Joey Gallo hesitated and leaned forward, watching the ball skip past Astros catcher Brian McCann. Twice he lunged forward, and twice he pulled up before leaning hard and pumping his legs into a full sprint towards home plate. Joey Gallo is a large man, but he is also deceptively fast. It is possible that McCann heard his teammates yelling that Gallo was trying to score.
It is equally as possible that the Earth shook.
Either way, the catcher retrieved the ball and flipped it towards home plate where Astros starting pitcher Joe Musgrove–the only player on the field taller than Gallo–caught it and applied the tag. Gallo was ruled out, but now there were a whole mess of things that needed to be sorted out before the top of the second inning could continue in Houston.
Here’s what we did know at that moment in time. Yu Darvish had retired the first three Astros he had faced. This was important because Darvish has, at more times than any other inning, struggled in the first. When he retired George Springer, Josh Reddick, and Jose Altuve on six pitches, he put the world on notice that he was planning on being Yu Darvish this evening.
We knew that Musgrove had also retired the first three batters he had faced, then retired two more before allowing a single to Jonathan Lucroy with two outs in the second inning. Then Rougned Odor had tripled into the left-centerfield gap, driving in Lucroy and diving into third base ahead of the throw with all the grace of a wolverine pouncing on its prey.
Then Gallo hit a ball to right field, and for the time being, the details started to get hazy. Josh Reddick appeared to leap high enough to catch the ball, extending his glove well above the rim of the wall, but the ball (and Reddick) bounced hard back towards the field of play. (Reddick would later leave with concussion symptoms, or as the MLB At-Bat app so delicately put it: "injured head")
You play it out in baseball. If it was later ruled to be a home run, no one would chastise you for hustling in the meantime. And so Gallo did, legging out the second Rangers triple in as many batters. Then the ball got past McCann, and… okay, we’re all caught up here.
Jeff Banister challenged the play, and after multiple trips between the headphones and the manager, the umpires determined that no, the ball had not cleared the outfield wall and yes, Gallo was out at home plate, ending the inning, both plays decided by no more than six combined inches. It was a weird play, but the end result was this: the Rangers had a 2-0 lead over the Astros.
Darvish continued his dominance, finishing his evening after 7 innings, having allowed just one lone hit, an Alex Bregman blooper to left field that it appeared Nomar Mazara got a bad break on, leaning in and sliding for, but unable to rein in. That, too, missed by just a few inches, and as a result, Carlos Beltran (who had earlier walked) scored the Astros’ first and only run.

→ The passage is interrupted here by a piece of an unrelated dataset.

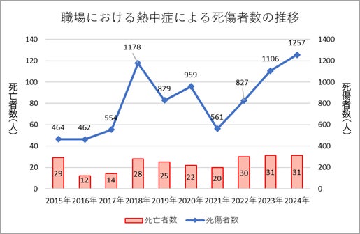 近年、熱中症での救急搬送者数は増加しています。特に、2024年の職場における熱中症の発生状況について、死亡を含む休業4日以上の死傷者数は1,257人と、統計を取り始めた2005年以降最多、うち死亡者数は31人(※1)となっており、厚生労働省からは、各事業場で熱中症予防について対策を講じるよう発信されています(※2)。

And yet, despite the sort of little breaks that often frustrate and baffle teams, the Rangers still had a lead.
In the sixth inning, it grew; Adrian Beltre’s double off the wall scoring Elvis Andrus to make it 3-1.
In the eighth, it grew again, this time exponentially. After a leadoff walk by Delino DeShields was followed by a Shin-Soo Choo single, Astros Manager A.J. Hinch summoned Dayan Diaz, who struck out Andrus and Beltre. It appeared he was going to thwart any hopes of an insurance run.
But then Nomar Mazara scorched a home run to center field, making it 6-1 and putting the game well out of reach. Jeremy Jeffress emerged from the visitor’s bullpen and while he did allow a hit, a walk, and one hit batsman in his two innings of work, he didn’t allow any Astros to score.
The Rangers are now 2-6 against the Astros in 2017, so perhaps it’s not time to text your Houstonian friends just yet. But Texas has now won the first four games of a six-game road trip against first-place teams. They’re still 12 games back in the division, but the narrative has changed this week, inch by inch.